UPDATE: The Washington Post story, “Penn State clears Mann in Climate-gate probe” absurdly quotes one of the top anti-scientist disinformers in the country, Myron Ebell, for balance. Seriously, mainstream media, after all the false charges, can’t you just run a straight exoneration story without publishing yet another baseless defamatory smear by the paid disinformation specialists? And it’s time to drop the blame-the-victim moniker “Climate-gate” (see “Rename The Scandal Formerly Known As Climategate“).
The Project on Climate Science release is here.
Climate Science Watch interviewed Michael Mann on the Penn State Final Report and the “concerted, well-organized, and very well-funded campaign to attack climate scientists — not just the science but the scientists themselves,” as he puts it. Mann clears up the most recent misrepresentation about his work:
CSW: You were quoted recently with reference to the so-called ‘hockey stick’ graph from the temperature record study that you published in the late 1990s that is still a bête noire of skeptics, contrarians, and deniers; sometimes they try to talk about it as if there were not a whole body of paleoclimate literature and subsequent work. You apparently made a comment to the effect that you were skeptical about how much of an icon that particular graph had become. Some of the deniers have jumped on that and said, “Aha! Michael Mann is walking back his conclusions about the temperature record.” What should people make of what you said, what is the appropriate way to take your comment?

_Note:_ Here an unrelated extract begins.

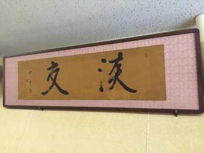 校長室の壁には「淡交」と書かれた約150cmの横長の額がかけられています。書かれた方は、6年前に亡くなられた書家であり作家でもある榊莫山先生です。榊莫山先生は1960年代に真田山小学校で図画工作の先生をしておられたそうです。いつの頃にこの「淡交」を書かれたかは定かでありませんが、著名な方の書が校長室にあることは誇らしいことです。

MM: Yeah, this is all too predictable. This is what the climate change denial machine has been doing for years. What they’ll do is they’ll quote a statement out of context. In this case it was a statement I did in the course of an interview for the BBC. Then it’ll be turned into a news article in a fringe media outlet, in this case the Telegraph – which, in my view, has engaged in the sloppiest and most slanted coverage of climate change now for years. So it’s no surprise to me that the Telegraph would again publish a very misleading, slanted piece that took what I actually said out of context.
All that I said in that interview was that it was somewhat misplaced for the hockey stick to be made the central icon of the climate change debate, for the obvious reasons: It isn’t that there’s just one study. In fact, there are more than a dozen studies now that come to the same conclusion as our original work. That’s beside the point though, because paleoclimatic reconstructions are really just one line of evidence among multiple lines of evidence that indicate the Earth is warming, that the climate is changing in a way that is consistent with that warming, and that it can only be explained by the human influence on climate.
So, to pretend, as deniers like to do, that all of our understanding of human caused climate change rests on the so-called hockey stick is disingenuous, to say the least. I was simply pointing out in my interview just how disingenuous that argument is. Of course, it was twisted and contorted in the way that we now have come to expect: To imply that I was saying something other than I was actually saying. It’s really quite sad.